Helminth abundance correlations were analysed between C. tentaculata and A. raillieti, collected in the large intestine, and between V. hamata and T. orloffi, collected in the small intestine, all presenting direct life cycles. Only V. hamata and T. orloffi showed a co-occurrence in the hosts (rs = 0.50, P ≤ 0.0001, N = 47).
The nMDS analysis indicated that, except for the rural locality Porteira Verde in the municipality of Sumidouro, localities with more anthropogenic impact were grouped in the centre of the plot. Those localities set in the margins of the plot represented environments with lower levels of disturbance, such as Barrragem-do-Caxambú and Uricanal in PARNASO (fig. 1).
The nematodes T. turgida, C. tentaculata and A. raillieti were dominant in all habitats, while the other helminths were either co-dominant or subordinate (Table 5).
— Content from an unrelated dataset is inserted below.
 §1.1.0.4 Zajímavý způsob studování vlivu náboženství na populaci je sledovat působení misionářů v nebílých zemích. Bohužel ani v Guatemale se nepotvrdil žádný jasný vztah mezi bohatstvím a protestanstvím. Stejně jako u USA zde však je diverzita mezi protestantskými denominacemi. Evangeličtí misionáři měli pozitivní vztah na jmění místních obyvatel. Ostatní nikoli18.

Heterostrongylus heterostrongylus was dominant only in the sylvatic habitat; V. hamata was dominant in the sylvatic and peri-urban environments; T. orloffi was dominant only in the peri-urban environment; O. microcephalus was dominant only in the rural environment; and R. coronatus was dominant only in the sylvatic habitat (table 5).
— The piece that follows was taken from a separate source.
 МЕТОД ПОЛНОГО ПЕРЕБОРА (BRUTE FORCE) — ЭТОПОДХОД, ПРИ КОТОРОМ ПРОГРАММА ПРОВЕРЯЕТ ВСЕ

The metacommunity analysis indicated that the helminth species showed a coherent structure on the regional scale (table 6). Considering all infracommunities, we observed a quasi-nested structure with stochastic species loss (species turnover and boundary clumping were not significant) (table 6, fig. 2a). Considering all component communities, the observed structure was nested with stochastic species loss (significant negative species turnover and non-significant boundary clumping) (table 6, fig. 2b). On both analyses, species-poor sites had subsets of species-rich sites (fig. 2a, b). Considering each municipality separately, the structure of the metacommunities at the infracommunity level was random in Rio de Janeiro and Sumidouro (urban and rural areas) (non-significant coherence) and revealed a checkerboard structure in Petrópolis (sylvatic area) (significant negative coherence) (table 6).
Discussion
This is the first study of the helminth community structure of D. aurita. One previous study reported the structure of helminth communities for another species of the genus Didelphis; it was carried out in French Guiana on the component community level (Jiménez et al., Reference Jiménez, Catzeflis and Gardner2011). The present study represents a pioneering investigation of the metacommunity structure of the helminths of a Neotropical marsupial.
The most abundant species in the present study (V. hamata, C. tentaculata, A. raillieti and T. orloffi) have also been found in other studies of helminth fauna of the genus Didelphis. Antunes (Reference Antunes2005) found C. tentaculata to be the most abundant and prevalent species in Didelphis albiventris in Rio Grande do Sul, followed by A. raillieti, T. turgida and V. hamata. Cruzia tentaculata was also the most abundant species in D. aurita in the state of Rio de Janeiro, followed by A. raillieti, V. hamata and T. turgida in a study by Gomes et al. (Reference Gomes2003). Silva and Costa (Reference Silva and Costa1999) found C. tentaculata, A. raillieti, V. hamata, T. orloffi, T. turgida, T. didelphis and R. coronatus in D. albiventris in Belo Horizonte. Jiménez et al. (Reference Jiménez, Catzeflis and Gardner2011) found A. raillieti and C. tentaculata to be the most abundant species of Didelphis marsupialis in French Guiana.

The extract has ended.